スペースで区切られた単語列に対して,各単語の先頭と末尾の文字は残し,それ以外の文字の順序をランダムに並び替えるプログラムを作成せよ.ただし,長さが4以下の単語は並び替えないこととする.適当な英語の文(例えば"I couldn't believe that I could actually understand what I was reading : the phenomenal power of the human mind .")を与え,その実行結果を確認せよ.

■ 書いたコード
import random

def Typoglycemia(word):
    length = len(word)
    if length < 5:
        return word
    s = word[0]
    e = word[-1:]
    m = list(word[1:-1])
    random.shuffle(m)
    return s + "".join(m) + e

def main():
    text = "I couldn't believe that I could actually understand what I was reading : the phenomenal power of the human mind ."
    words = text.split(' ')
    result = []
    for word in words:
        result.append(Typoglycemia(word))
    print(" ".join(result))

if __name__ == '__main__':
    main()

単語の先頭と末尾の文字は残し,それ以外の文字の順序をランダムに並び替える関数Typoglycemiaを定義しました。ただし,長さが4以下の単語は並び替えないように制御しています。

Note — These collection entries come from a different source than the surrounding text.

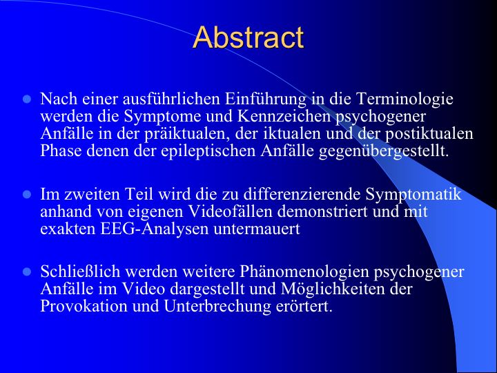 Phänomenologie und Analyse Psychogener Anfälle in EEG und Videometrie
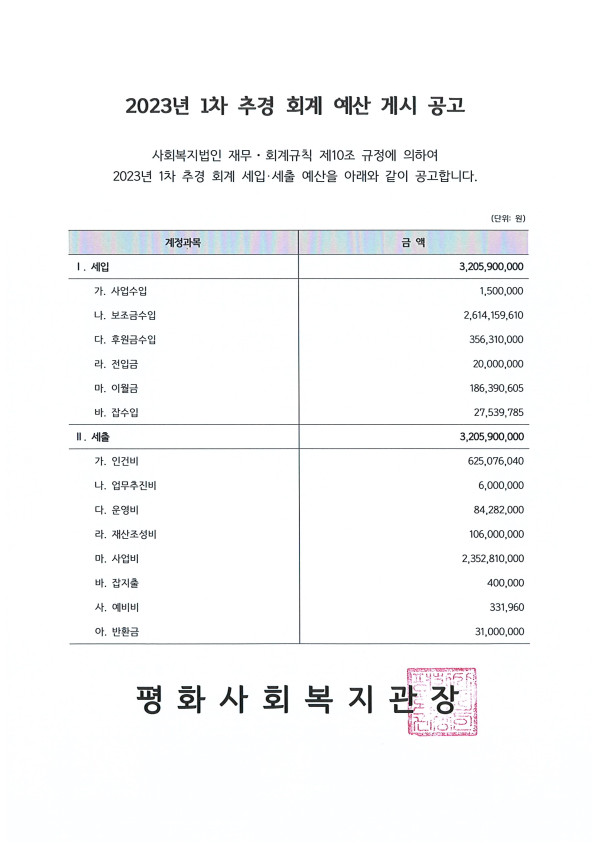 평화사회복지관 2023년 1차 추경 예산서 게시 공고 페이지 정보 작성자 관리자 댓글 0건 조회 1,506회 작성일 23-03-29 11:46 본문 페이스북 공유 트위터 공유 구글+ 공유 목록 이전글액티브시니어 운동지도 실무트레이닝 『참여자 모집』 23.04.18 다음글평화사회복지관 2022년 후원금품 사용내역 결과 게시 공고 23.03.29 댓글목록 댓글목록 등록된 댓글이 없습니다.
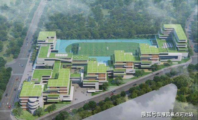 新建54班九年一贯制学校,提供2520个学位,包含初中部、小学部、体育馆、教师宿舍、图书馆与报告厅、餐厅等。
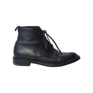Handcrafted from black leather and styled to an ankle-length, these boots are on-point with style. They come with a lace-up front and sturdy soles. These boots are in like-new condition with minor scuffing from use on the sole (original sole). Comes with original box.
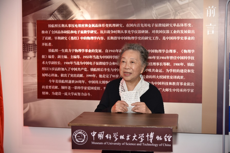钱平凯教授在致辞中提到,钱临照先生一生爱国敬业。抗战期间,他在艰苦环境中仍然笔耕不辍。其名作《释墨经中之光学力学诸条》即完成于昆明黑龙潭草屋的一盏煤油灯之下。1970年,他积极投身于中国科大二次创业之中。钱先生将其后半生的时光献给中国科大,把校园当成自己的“家”。钱先生在病危之际,坚持回到科大校医院,以实现他“故于科大校园”的愿望。校博物馆在筹办展览的过程中,到我家来找寻钱先生生前用过的物品和学术资料等,我愿意把这些物品捐献给校博物馆永久保存,这不仅是我们家属的愿望,也一定是钱临照先生本人的愿望。这些物品不是被“捐赠”给中国科大的,而是“回归”中国科大。
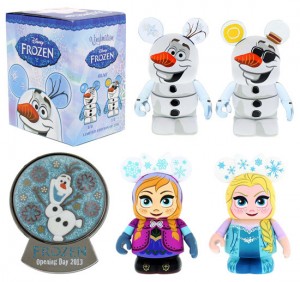 Vinylamtion is releasing two limited edition figures today – November 22 – at the D Street locations in Florida and California. The two-figure limited edition set features Anna and Elsa has an edition size of 1,500. There is also a 3-inch Olaf being sold as a Vinylmation “Eachz.” It comes in a mystery box with an edition size of 2,500. Olaf in the summer is the rare figure, while Olaf in the winter is the more common figure.
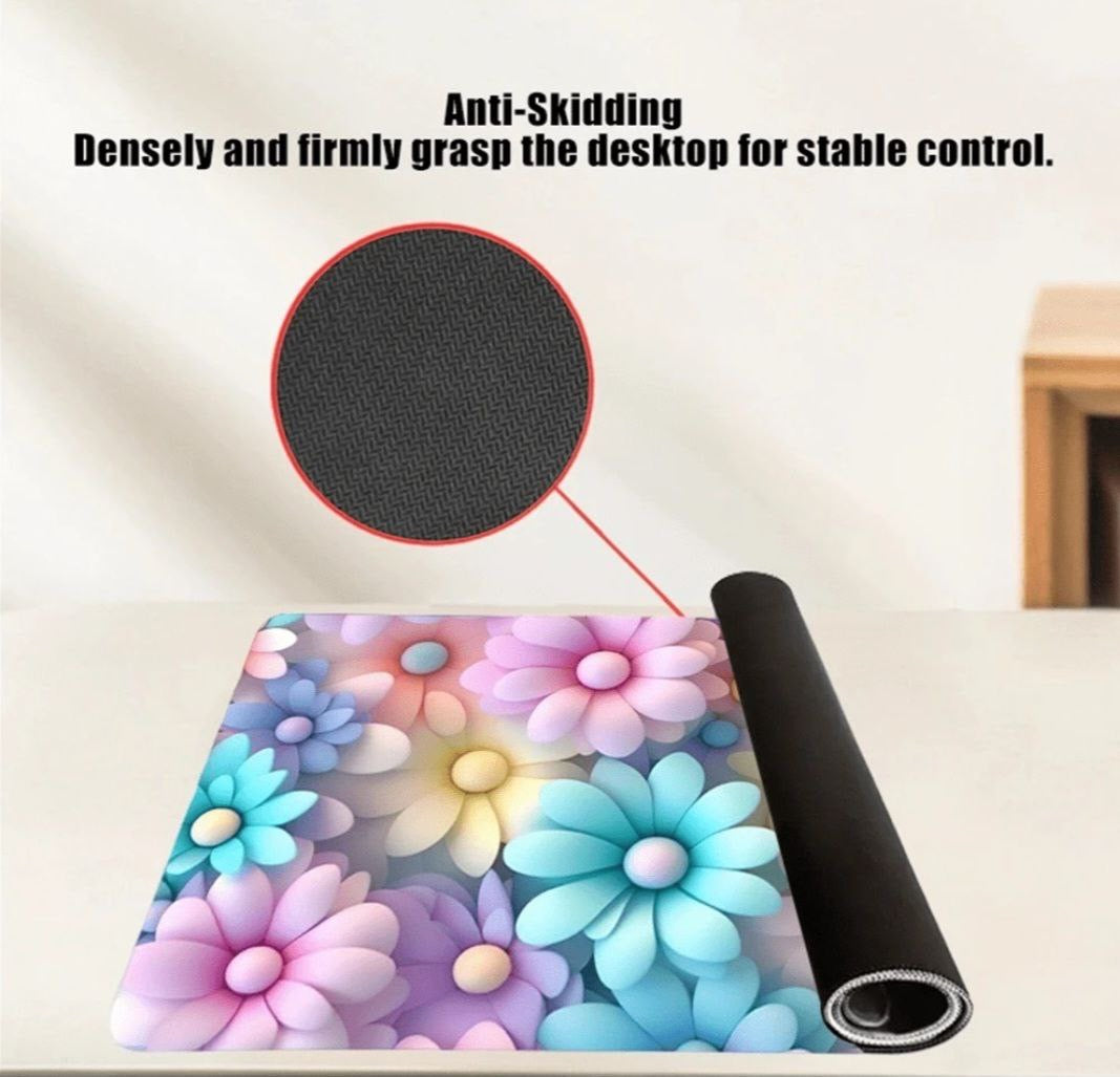 - Large desk mat's measure: 31.4 * 15.9 inches. The desk pad is large enough to have a mouse, gaming keyboard, and other desk items Just immerse into your work or games without worrying about the annoying mouse pad movement.

これができれば、main関数で、文を空白文字で区切り、Typoglycemia関数を呼び出して得られた単語を連結させればOK.


■ 結果
I c'oulndt bevleie that I colud alactluy utdnrnsead what I was rneaidg : the peeaohnnml poewr of the hmaun mind .

Typoglycemia とは、最初と最後の文字が合っていれば、途中の文字を並べ替えても、読めてしまう現象のことを言うらしいです。昔、ひらがなで同様のプログラムを書きました。


■ 今回のトピック(文字列操作)

文字列の最後の文字
word[-1:]

文字列の先頭と最後を除いた文字列
word[1:-1]

文字列の長さ
len(word)

文字列を空白文字で分割
line.split(' ')

複数の文字列を連結(間にカンマ)
",".join(words)


■ 今回のトピック(リスト操作)


文字列を文字リストに変換
list(word)

文字リストを文字列へ
"".join(chars)                

リストのシャッフル
import random

random.shuffle([0, 1, 2, 3, 4, 5])

リストの連結
result = []
for word in words:
    result.append(word)


■ 今回のトピック(その他)


モジュール名 __main__

以下のように書くと、そのモジュールが直接実行された場合にのみ、main()が呼び出されます。 モジュールが直接実行された場合にのみ、__name__ というシステム変数に '__main__'というモジュール名が設定されます。
if __name__ == '__main__':
    main()        


これで、「第1章: 準備運動」のすべての問題を解くことができました。

変数、条件分岐、繰り返し、文字列、辞書、集合、リスト、リスト内包表記、関数など、結構いろんなことを学べました。  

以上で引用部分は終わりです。